Description of prior research and its intellectual context. 

SREE’s 2012 Spring Conference theme, “Understanding Variation in Treatment Effects”, 
asks many provocative research questions which forward a more nuanced view of schools and 
students within education evaluation research. Certainly, not all students are alike and not all 
interventions will have an equal impact on treatment participants, and SREE asks more 
interesting questions about the systematic variation of impacts. However, beneath these 
differences in impacts by participant characteristics lurks a culturally sensitive issue that has long 
been living under the surface in statistical modeling as applied to education research: how 
socially constructed variables, particularly race variables, are defined, operationalized, and 
analyzed in predictive models. 

Developed for agricultural and other applications, the literature applying these models for 
social scientific purposes is bereft of considering the cultural constructs that are commonly 
incorporated into models.
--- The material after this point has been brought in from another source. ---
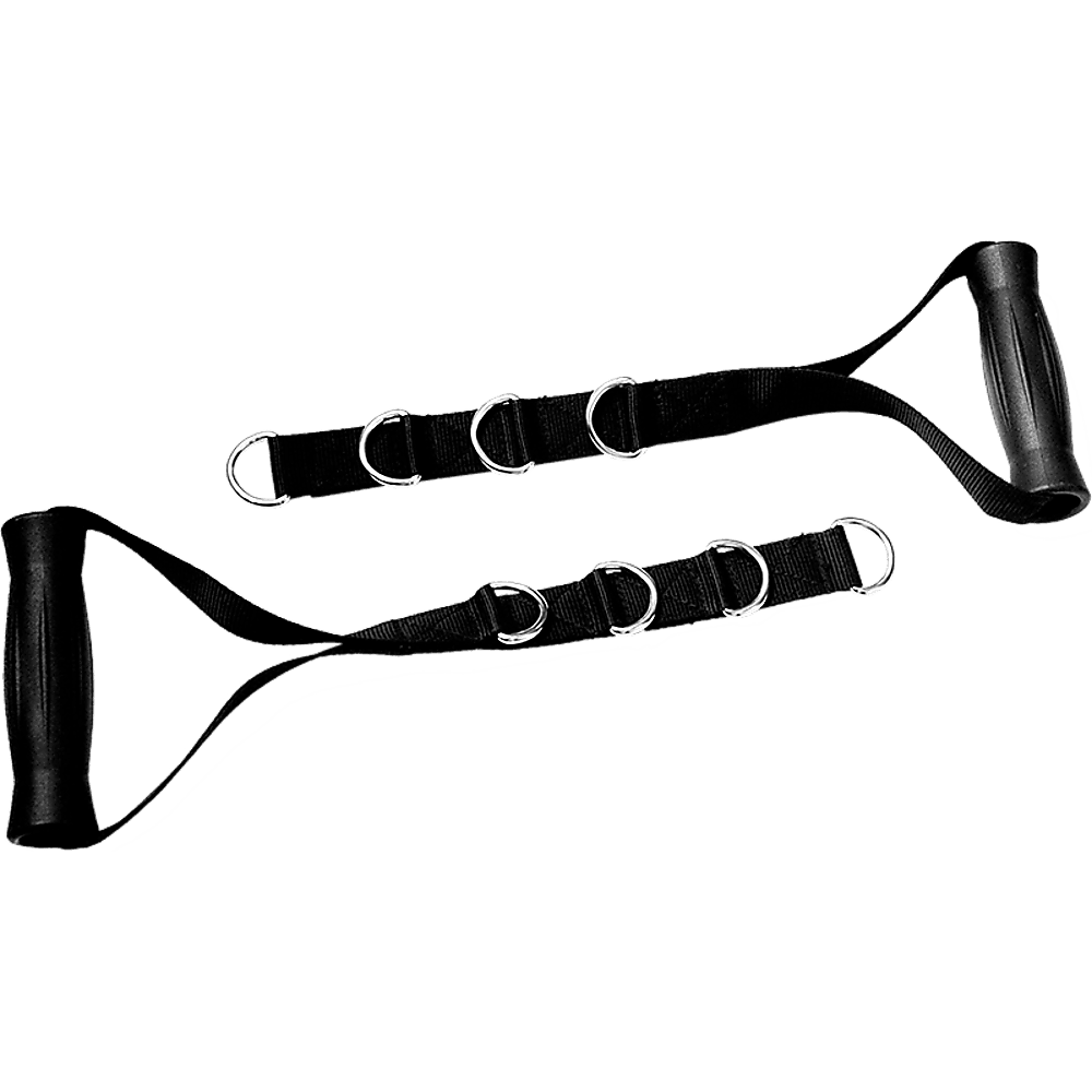The handles are adjustable with 4D shaped metal rings that are 5mm in diameter, allowing the carabiner clips found at the end of most machine cables to be placed according to preference.

This inattention to variables’ social meaning is particularly 
problematic, and unfortunately common, when handling racial variables (Zuberi & Bonilla Silva, 
2008). Given that race has such a complicated history and ambiguous meaning, sound research 
design requires social scientists to describe assumptions about race variables, as well as a theory 
by which race variables affects the dependent variable of interest. (Barton & Coley, 2010; 
Hudson, 2003; Kao & Thompson, 2003; Pascarella, 1985; Titus, 2006). 
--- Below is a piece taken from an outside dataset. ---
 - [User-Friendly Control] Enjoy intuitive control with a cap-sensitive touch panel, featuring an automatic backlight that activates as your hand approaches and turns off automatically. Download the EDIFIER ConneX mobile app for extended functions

This study investigates how the next generation of educational researchers are being trained 
around issues of race and statistical modeling. While these issues are messy and complicated, 
ignoring the complexities of including race variables when training doctoral students can lead 
students to produce research with ambiguous interpretations and veiled assumptions about race, 
which ultimately, weakens the state of education research. 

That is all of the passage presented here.